Your instructions |
For the material below, return exactly the lines starting at the one holding "claims description 3" and ending at the one holding "5年生は体験したことをパソコ", counting both as part of the range.

Data records |
==============================

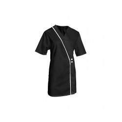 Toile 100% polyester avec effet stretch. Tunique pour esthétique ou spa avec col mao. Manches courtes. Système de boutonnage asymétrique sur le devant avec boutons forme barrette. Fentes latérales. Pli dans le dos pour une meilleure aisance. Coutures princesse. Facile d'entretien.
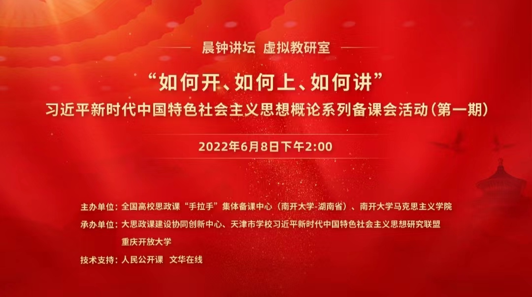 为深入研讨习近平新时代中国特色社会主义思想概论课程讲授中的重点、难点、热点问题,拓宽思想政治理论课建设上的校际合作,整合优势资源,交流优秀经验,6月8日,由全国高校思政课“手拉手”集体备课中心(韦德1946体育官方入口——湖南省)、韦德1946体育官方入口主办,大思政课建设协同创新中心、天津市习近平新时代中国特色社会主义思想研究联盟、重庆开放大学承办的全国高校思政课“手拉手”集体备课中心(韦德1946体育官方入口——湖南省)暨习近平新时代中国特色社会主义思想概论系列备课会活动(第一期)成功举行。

==============================

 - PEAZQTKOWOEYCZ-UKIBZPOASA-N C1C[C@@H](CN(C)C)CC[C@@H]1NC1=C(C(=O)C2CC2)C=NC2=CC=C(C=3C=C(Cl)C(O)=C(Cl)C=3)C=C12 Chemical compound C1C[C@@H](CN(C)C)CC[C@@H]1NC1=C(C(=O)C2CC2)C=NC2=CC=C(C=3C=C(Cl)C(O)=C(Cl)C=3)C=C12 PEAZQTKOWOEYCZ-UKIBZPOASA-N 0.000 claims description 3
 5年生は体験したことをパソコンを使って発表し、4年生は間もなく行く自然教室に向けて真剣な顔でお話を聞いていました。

==============================

Response to this exercise |
 - PEAZQTKOWOEYCZ-UKIBZPOASA-N C1C[C@@H](CN(C)C)CC[C@@H]1NC1=C(C(=O)C2CC2)C=NC2=CC=C(C=3C=C(Cl)C(O)=C(Cl)C=3)C=C12 Chemical compound C1C[C@@H](CN(C)C)CC[C@@H]1NC1=C(C(=O)C2CC2)C=NC2=CC=C(C=3C=C(Cl)C(O)=C(Cl)C=3)C=C12 PEAZQTKOWOEYCZ-UKIBZPOASA-N 0.000 claims description 3
 5年生は体験したことをパソコンを使って発表し、4年生は間もなく行く自然教室に向けて真剣な顔でお話を聞いていました。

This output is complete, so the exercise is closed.